The Obama-era teacher evaluation systems sucked. They collected lousy information about things that aren't even the most important part of a teacher's work. They consistently proved to be unreliable and invalid. They provided no useful information to anybody. One of the few bright spots of ESSA is the end of the federally-mandated inaccurate unreliable nonsense evaluation system. Yes, many of the old-style evaluation systems were not very helpful, but the new systems actually managed to be worse by creating the illusion that real evaluating was going on, and by forcing schools to focus on unimportant baloney instead of real teaching. Toch can go wading on into the Big Muddy, but I recommend that the rest of us turn around and get back on solid ground.


  1. Let me save Toch a whole bunch of time, energy, and money.

    Every school, college, or university in America, public, private, or pirate (charter) contains roughly the same mix of teacher competencies.

    A small handful of truly excellent teachers, a very tiny handful of truly incompetent (read: "harmful") teachers; the remainder (majority) of which are satisfactory, ranging from good to mediocre. Sound familiar? Sounds like your workplace too?

    Now what about that small handful of incompetents doing more harm than good. To begin with, every principal knows who they are. And unless they inherited them, building principals interviewed them, hired them, observed them, evaluated them, and granted them due process protections (tenure). Maybe Mr. Toch would be better off trying to improve administrative management skills rather than waste all his efforts trying to cure the symptom.

    1. I said the same thing about there being great teachers, terrible teachers, with most of us in the middle on Dr. Ravitch's blog but found myself roundly criticized for making unwarranted generalizations. Good to see a closer connection to the actual world here.

      I think you might be a little hard on principals here though. In California, for example, tenure is granted in under two years, giving little opportunity to gather information about how the teacher grows with experience. Dismissing teachers after tenure is a very expensive and lengthy process, likely to result in the teacher not being suspended. I have to think that there are far more incompetent teachers than there are teachers who are sexual predators, yet the most common reason for a tenured teacher to be fired appears to involve sexual misconduct.

    2. It is possible but quite for a teacher in California to receive tenure in less than 2 years. It took me 5 years because my first 3 years were on temporary contracts and did not count toward tenure. I have never met a teacher who got tenure in less than 2 years.

      Good administrators can get rid of incompetent teachers. I have witnessed it. However, the students make life so difficult for incompetent teachers that most of them quit before approaching tenure.

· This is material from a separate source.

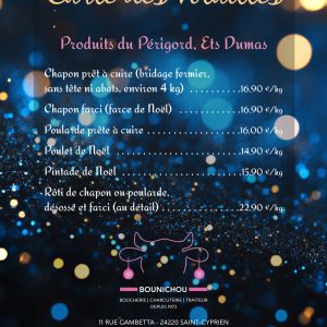Retrouvez chaque semaine nos produits de boucherie, colis de viande, plats cuisinés, kits recette à cuisiner à la maison… LIVRAISON GRATUITE sur un rayon de 25km autour de Saint-Cyprien (24220) du jeudi au samedi Ou RETRAIT DE VOTRE COMMANDE à la boucherie Bounichou à Saint-Cyprien du jeudi au dimanche de 9h à 12h30 (Les horaires sont susceptibles d’être modifiés et ajustés en fonction de vos besoins et vos commandes)

    3. For California, I can only go by what I read. It may be that these days in practice people take more than 2 years.

      Good administrators perhaps can get rid of incompetent teachers, but generally they don't get rid of incompetent teachers. Dismissal hearings appear to be rarely about teaching incompetence.

      As for students making life miserable for teachers, that is likely true if the special area of incompetence is classroom management. Other areas of incompetence might actually be welcome by some students.

  3. VAM sucks, and so does checklist drive-by observations, such as Danielson. In business, rating employees is called stack ranking. Microsoft abandoned it because it is a morale killer and therefore a productivity killer. But what's good for the billionaire goose is not apparently good for the gander. Bill Gates promoted similar systems for schools.